Election 2018: Democrats take majority in the house, Republicans make profits in the Senate

The Democrats took over the majority in the House of Representatives of President Trump's Republican Party on Tuesday, but the Republicans gained ground in the Senate and retained important governorship posts.

The mixed verdict in Trump's first nationwide election of the presidency showed the limits of his attempts to trouble Americans about immigration issues. College voters trained in the suburbs of the nation rejected his warnings of an "invasion" of migrants. But the workers and rural America adopted his aggressive speech and attitude.

The new majority in the Democratic House will end the dominance of the Republican Party in Washington for the last two years of Trump's first term, with key issues surrounding health care, immigration and government spending.

"Tomorrow will be a new day in America," said Nancy Pelosi, chairwoman of the house's minority house, which would be the next speaker in the house.

But the Democrats have a tight margin. You need 218 seats for a majority. The Democrats won 219 and the Republicans 193, with winners in 23 races indeterminate.

The Presidential party will retain control of the executive branch of the government alongside the Senate, but the Democrats will have a solid foundation that will allow them to scrutinize Trump's administration and its long-held tax returns.

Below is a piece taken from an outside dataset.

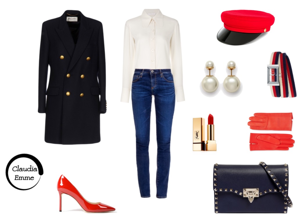 Indossare un newsboy hat rosso (questo è firmato Manokhi) pensi sia impresa impossibile? Guarda qui: scegli un jeans skinny, aggiungi una camicia bianca, un tacco rosso e un cappotto doppiopetto blu scuro (questo è Saint Laurent). Aggiungi guanti rossi di pelle, orecchini con perline (Dior), rossetto rosso e una borsa blu in pelle (questa è Valentino).
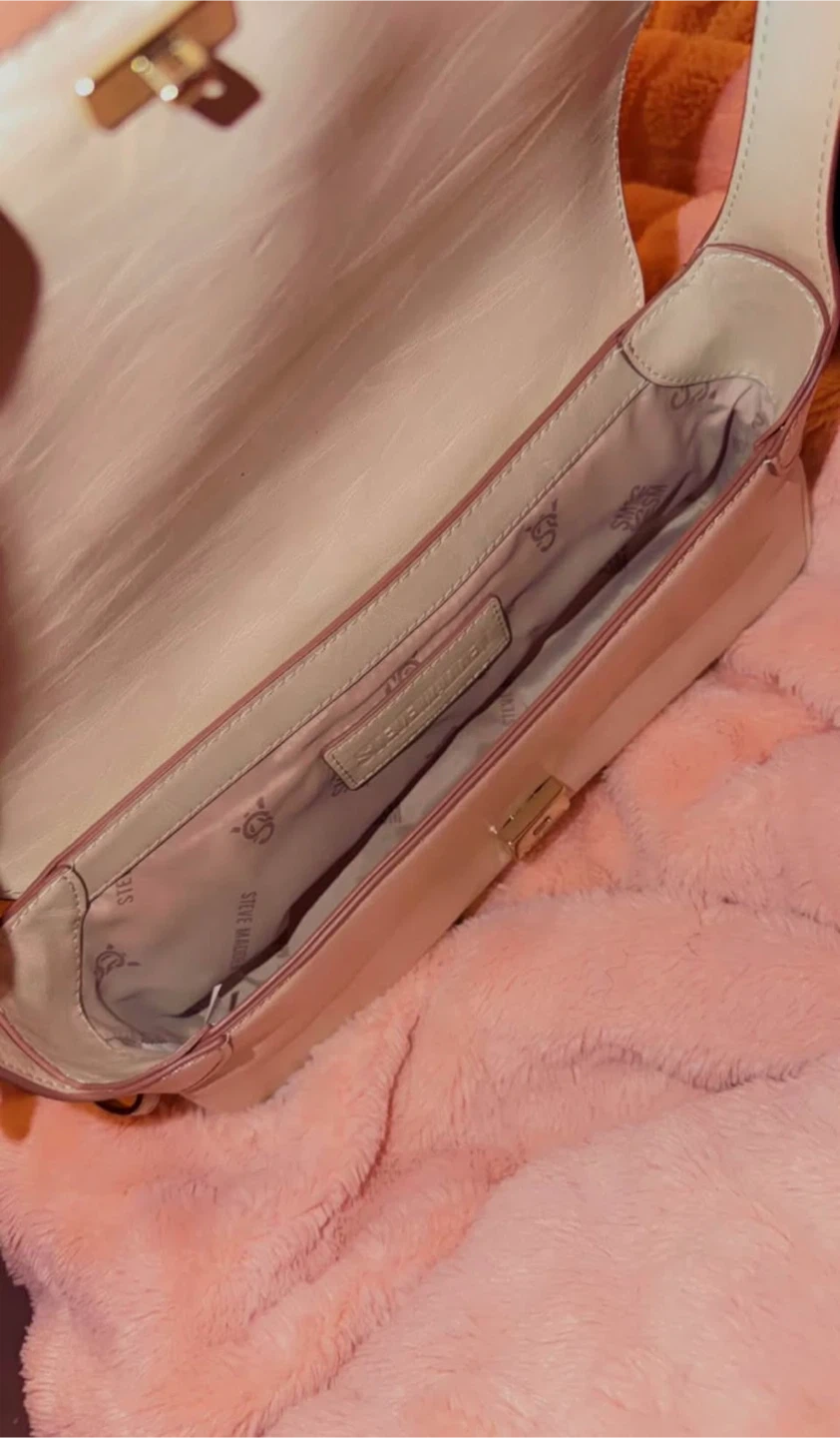 Here's a cute Steve Madden BCelena bag in a natural multi colour! It's in great condition and ready for a new owner. The inside lining has the Steve Madden logo. Retails for $98

Trump sent a warning early Wednesday.

"If the Democrats believe they are wasting the taxpayer's money to investigate us at the domestic level," Trump tweeted, "then we'll also be forced to examine them for all leaks of classified information and much more in the Senate Level can play this game! "It was not clear which" leaks "he referred to.

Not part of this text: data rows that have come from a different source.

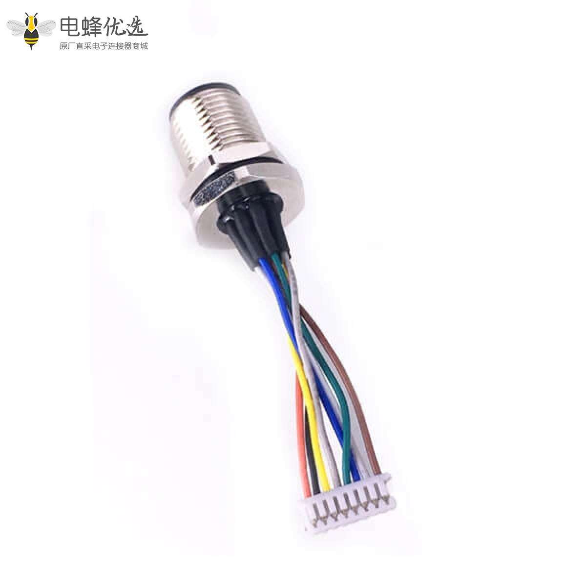 M12,板端插座,A Code,8芯,直式,公头板端,焊线,前锁板;
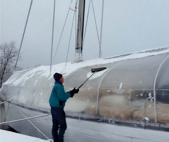 Next we considered the effects of snow. An average snowfall of 81 inches is a lot. We were told that it mostly would be light and fluffy, but that the spring snows were often wet and heavy. Collapsed boat covers are common, but to keep the snow, ice, and wind off the deck, we needed some kind of cover. Because this was a one-season project, shrink-wrap seemed the obvious solution. We chose clear wrap to let in more light and create a greenhouse effect when the sun was out.
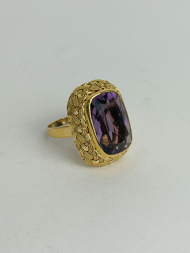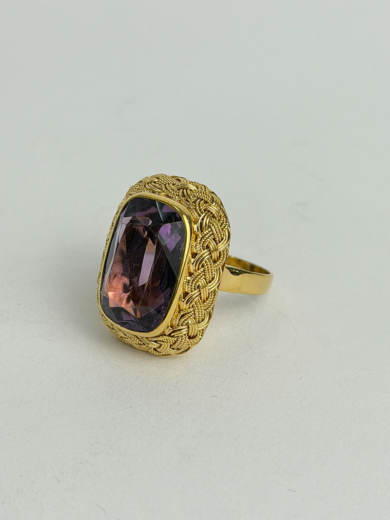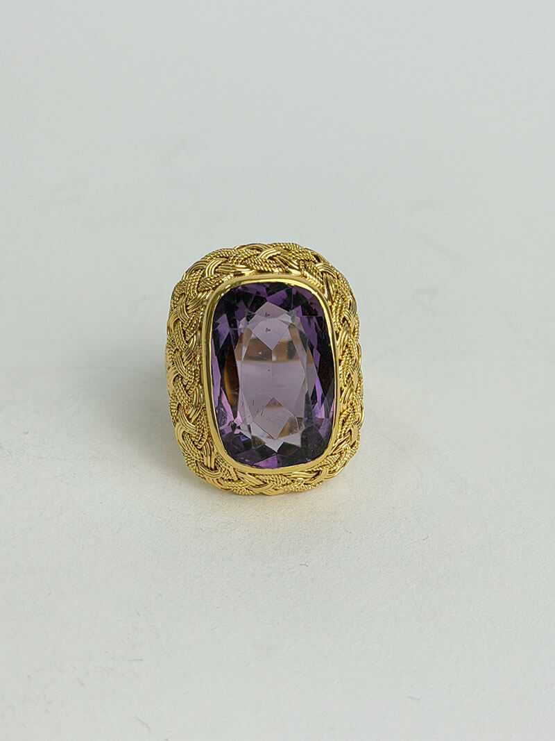 Every great success story deserves a crown one that doesn’t follow trends, but instead honors the foundation of its own journey. The Aureum Regal Amethyst Ring is a tribute to things built to last. At its heart sits a commanding 12 carat natural amethyst. Its cushion-cut facets reveal deep violet hues a color historically tied to the serenity and inner strength required to lead a life, or a home, with grace.
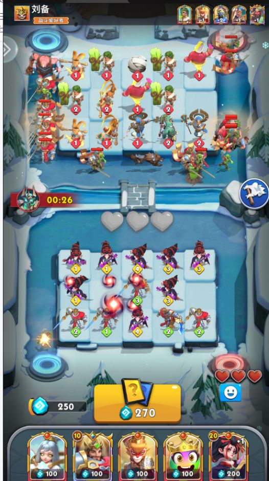 召唤师们使用自身搭配的5个英雄进场对战,每人各有3格血量,不同怪物进入终点会扣除不同的血量,先失去3格血量的一方算输。
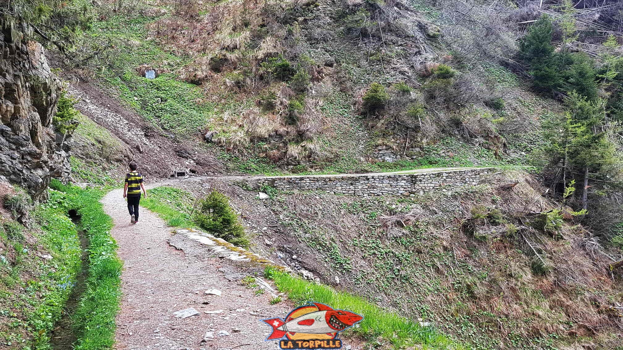 Une passerelle métallique permet de longer une paroi rocheuse. Un chemin au-dessus permet de l’éviter.
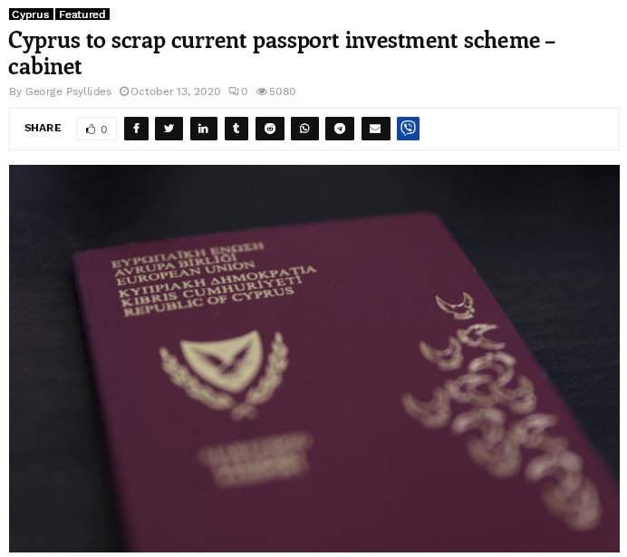 當(dāng)?shù)貢r(shí)間10月13日,據(jù)塞浦路斯郵報(bào)消息,塞浦路斯將廢除目前的護(hù)照投資項(xiàng)目。
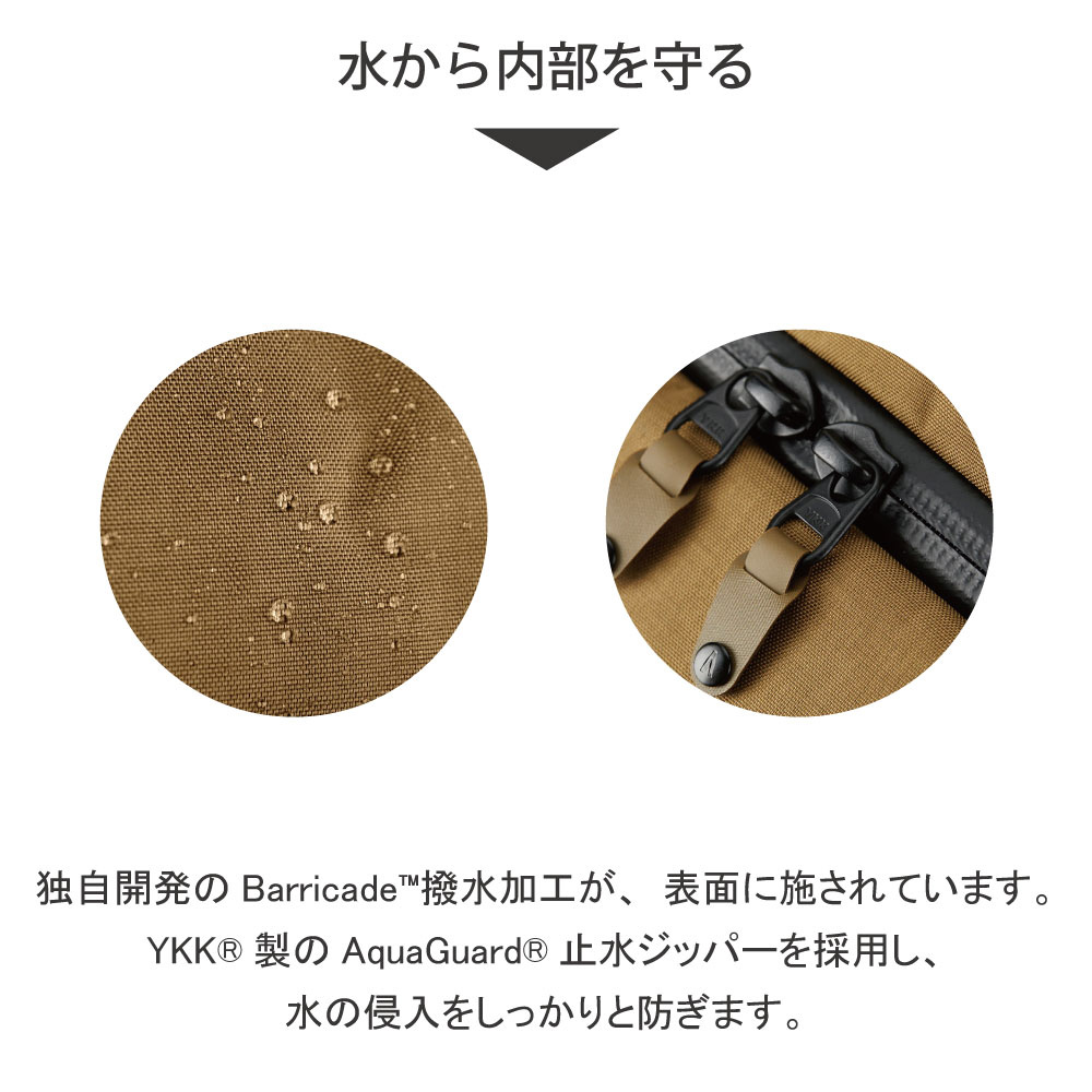 もともと水に強い生地を使用していますが、さらにBoundary Suppy独自のBarricade 撥水加工を施しています。

It could have been a much bigger night for the Democrats, who suffered stinging losses in Ohio and Florida, where Trump-backed Republican Ron DeSantis ended Democrat Andrew Gillum's attempt to become the first African-American governor of the state.

The 2018 elections also pointed to an extraordinary political reorientation in a voter directory characterized by race, gender and education, which could shape US policy for years to come.

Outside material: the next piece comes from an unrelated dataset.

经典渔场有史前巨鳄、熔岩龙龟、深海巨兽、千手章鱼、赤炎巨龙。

The achievements of the GOP were supported by a coalition that is markedly older, whiter, more masculine, and less graduate. The Democrats relied more on women, black people, adolescents and university graduates.

The record variety on the ballot may have contributed to turnout.

Voters were on their way to sending at least 99 women into the house, which shot the record of 84. The house also received its first two Muslim women, Massachusetts elected its first black congresswoman, and Tennessee received its first senator.

Overall, women voted much more for Democratic candidates in Congress – with fewer than four out of ten Republican votes, according to VoteCast, a nationwide poll of more than 115,000 voters and about 20,000 non-voters.

At house races, Democrats made seats in districts outside of Washington, Philadelphia, Miami, Chicago, and Denver. The party's dreams of a Senate majority, increasingly unlikely, were destroyed following the losses in Indiana, Missouri, Tennessee, North Dakota and Texas.

Trump encouraged voters to consider the mid-term of 2018 in response to his leadership, and proudly pointed to the emerging economy at its recent rallies. According to VoteCast, nearly 40 percent of voters vote to speak out against the president, while one in four votes voted in favor of Trump.